Il 29 giugno 2004 il tribunale di Cagliari accoglie il ricorso presentato da una coppia che a seguito del trattamento di procreazione assistita aveva ottenuto una gravidanza plurima con rischi clinici per la salute della madre e dei nascituri. L’ordinanza del giudice sostenne che non c’è alcuna differenza tra gravidanza naturale e gravidanza medicalmente assistita e quindi permise la riduzione embrionaria per gravidanze trigemine.
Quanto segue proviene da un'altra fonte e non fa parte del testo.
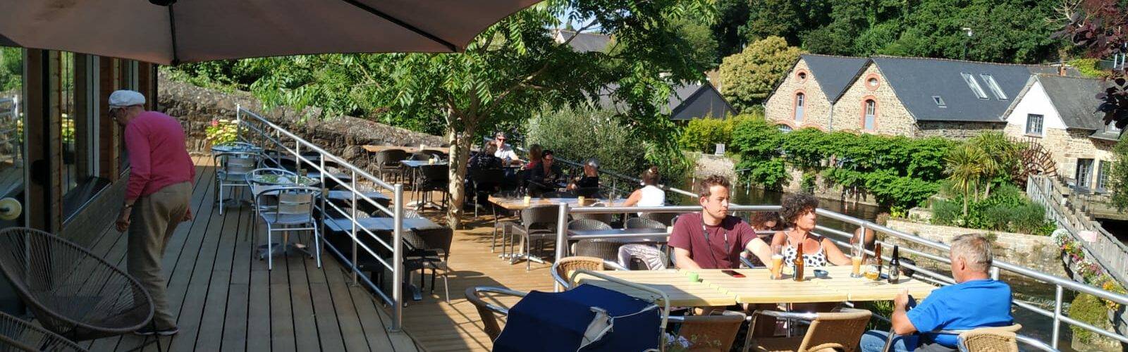 Hotel bed and Breakfast proposant une offre de grignotage sur une terrasse sans tabac dans un cadre bucolique avec vue sur la rivière et un moulin en pierre.

Sempre il tribunale di Cagliari, il 24 settembre 2007, ritiene ammissibile la diagnosi preimpianto in quanto conforme alla Costituzione e contraddice le linee guida alla legge 40 che limitavano la diagnosi preimpianto alla sola indagine osservazionale.
Nel 2008, sia il Tar del Lazio che il tribunale di Firenze sollevano diverse eccezioni di costituzionalità su cui si pronuncia la Corte costituzionale con sentenza del 8 maggio 2009. Si tratta di uno dei momenti più significativi da quando la legge 40 è entrata in vigore. La Corte cancella il limite di tre embrioni producibili e l’obbligo di impianto di tutti gli embrioni prodotti, quindi deroga il divieto di crioconservazione previsto per la tutela della salute della donna e degli stessi embrioni. La decisione viene lasciata alla discrezionalità del medico “depositario del sapere tecnico del caso concreto”. Il 29 giugno 2009 il tribunale di Bologna applica la nuova sentenza: dispone l’applicazione della diagnosi preimpianto di un numero minimo di 6 embrioni e il trasferimento in utero solo di quelli sani e la crioconservazione degli altri. Il 9 gennaio 2010 il tribunale di Salerno riconosce il diritto ad una coppia non sterile di ricorre alla procreazione medicalmente assistita in presenza del rischio di generare figli affetti di gravi malattie geneticamente trasmissibili.
Il 28 agosto 2012 arriva un’altra sentenza storica, questa volta da parte della Corte europea per i diritti umani che condanna lo Stato italiano a risarcire una coppia fertile portatrice di fibrosi cistica a cui non è consentita la fecondazione in vitro. Il 9 novembre 2012, ancora il tribunale di Cagliari, riafferma il diritto di ottenere la diagnosi preimpiato per una coppia affetta di talassemia che era ricorsa alla procreazione medicalmente assistita con trasferimento in utero dei soli embrioni sani e crioconservazione degli ulteriori embrioni.